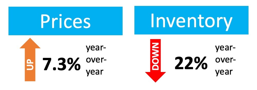 According to the latest Home Price Insights from CoreLogic, prices have appreciated 7.3% year-over-year. At the same time, the National Association of Realtors (NAR) reports that inventory has dropped 22% from one year ago.
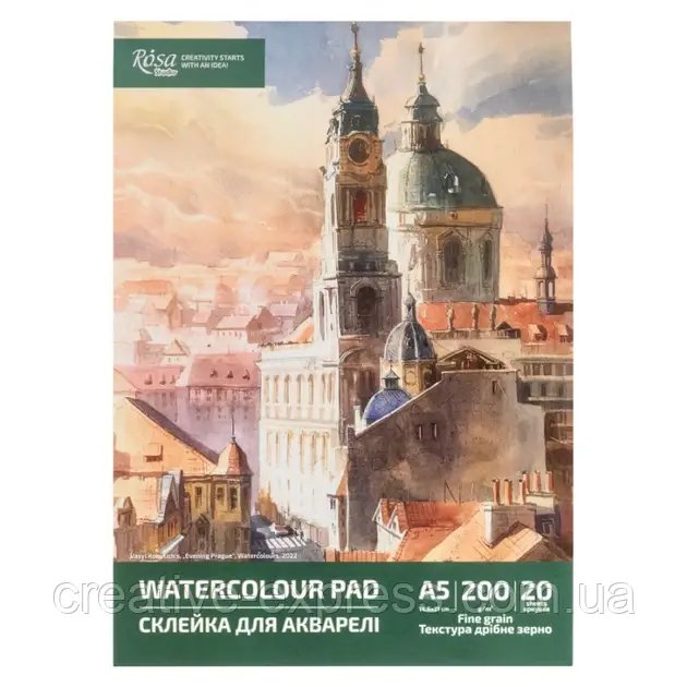 Головна Папір, альбоми, скетчбуки Альбоми для акварелі Склейка для акварелі, А5 (14,8*21 см), 200г/м2, 20л, ROSA Studio
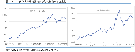 从板块上看,南华能化板块今年表现最强,尽管事件冲击最恐慌时期已经过去,但是冲突仍在持续,解决的办法仍未找到,大幅下调的可能性不大;南华金属板块跟随宏观经济波动,受国内宏观政策影响较大,在疫情多点爆发之下,关注政策变化情况。农产品板块继续分化,关注结构化行情。
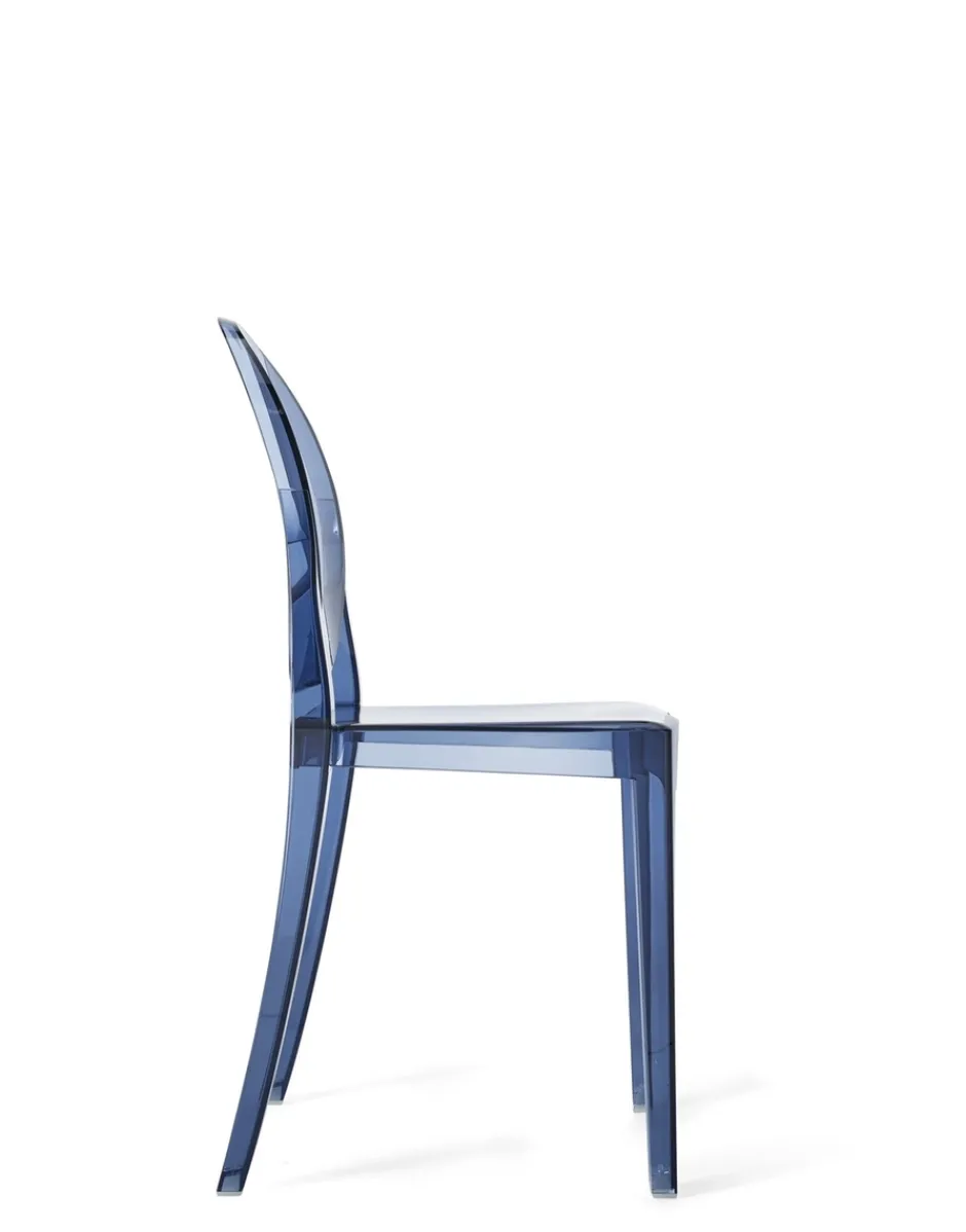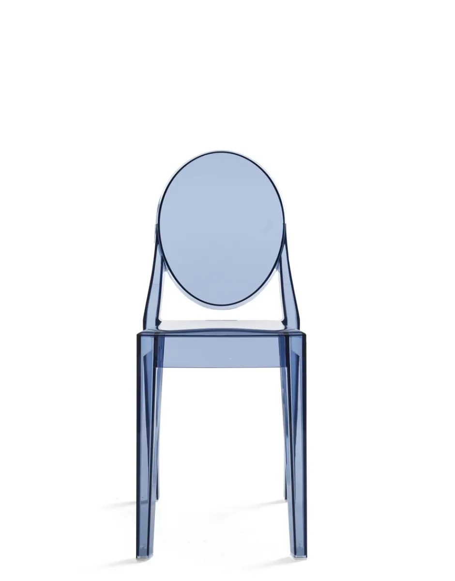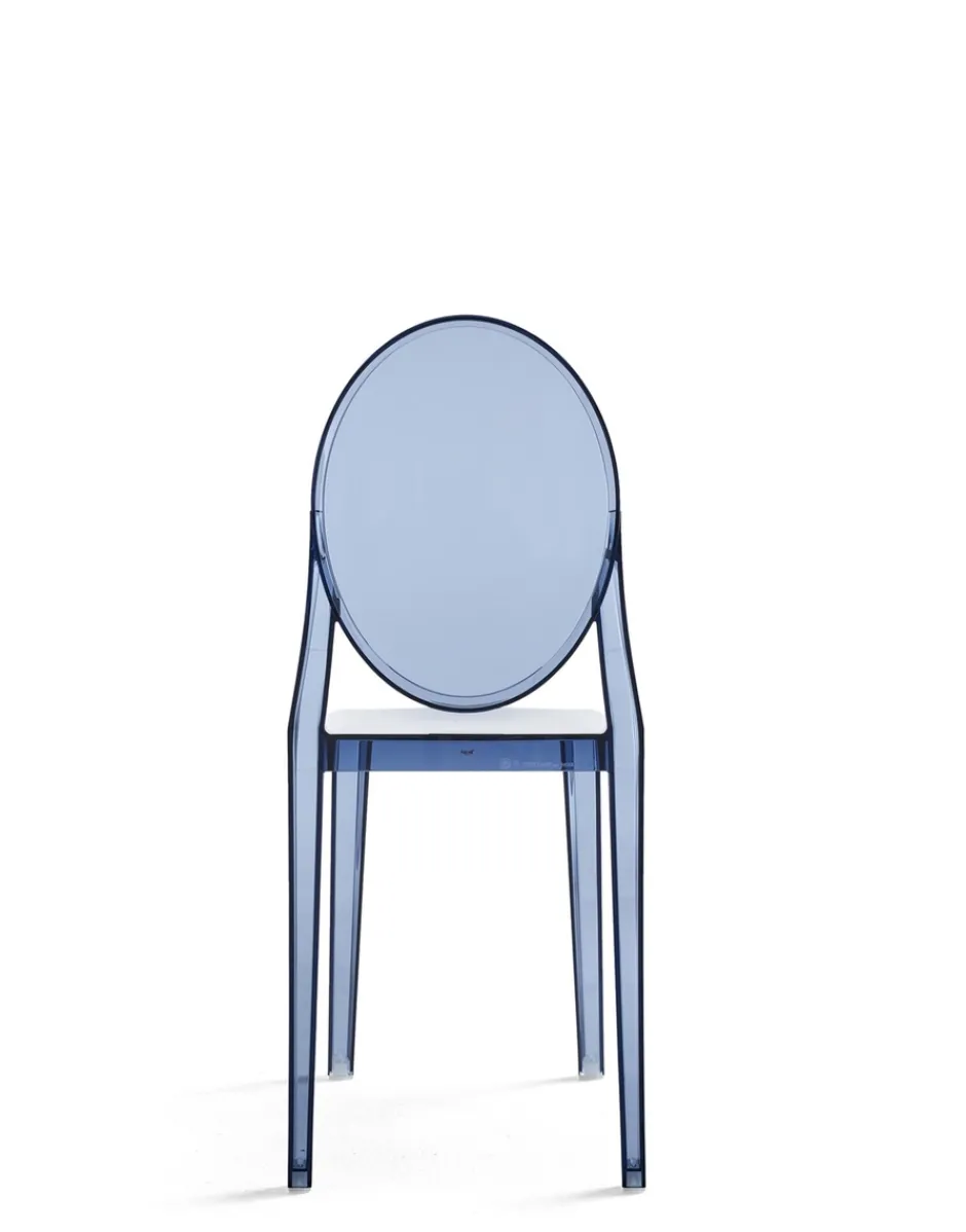 Una sedia nata da linee classiche, lo schienale è arrotondato e ricorda la forma degli antichi medaglioni mentre la seduta è lineare e geometrica. Victoria Ghost è in policarbonato trasparente o colorato ed è realizzata in un unico stampo ad iniezione. É stabile, confortevole, non teme urti ed è resistente agli agenti atmosferici. Un prodotto di grande carisma e personalità che si inserisce con eleganza e versatilità in ogni tipo di ambiente.

Brief ▸
Restate the data above exactly, stripping out each image.

Exercise answer ▸
 According to the latest Home Price Insights from CoreLogic, prices have appreciated 7.3% year-over-year. At the same time, the National Association of Realtors (NAR) reports that inventory has dropped 22% from one year ago.
 Головна Папір, альбоми, скетчбуки Альбоми для акварелі Склейка для акварелі, А5 (14,8*21 см), 200г/м2, 20л, ROSA Studio
 从板块上看,南华能化板块今年表现最强,尽管事件冲击最恐慌时期已经过去,但是冲突仍在持续,解决的办法仍未找到,大幅下调的可能性不大;南华金属板块跟随宏观经济波动,受国内宏观政策影响较大,在疫情多点爆发之下,关注政策变化情况。农产品板块继续分化,关注结构化行情。
 Una sedia nata da linee classiche, lo schienale è arrotondato e ricorda la forma degli antichi medaglioni mentre la seduta è lineare e geometrica. Victoria Ghost è in policarbonato trasparente o colorato ed è realizzata in un unico stampo ad iniezione. É stabile, confortevole, non teme urti ed è resistente agli agenti atmosferici. Un prodotto di grande carisma e personalità che si inserisce con eleganza e versatilità in ogni tipo di ambiente.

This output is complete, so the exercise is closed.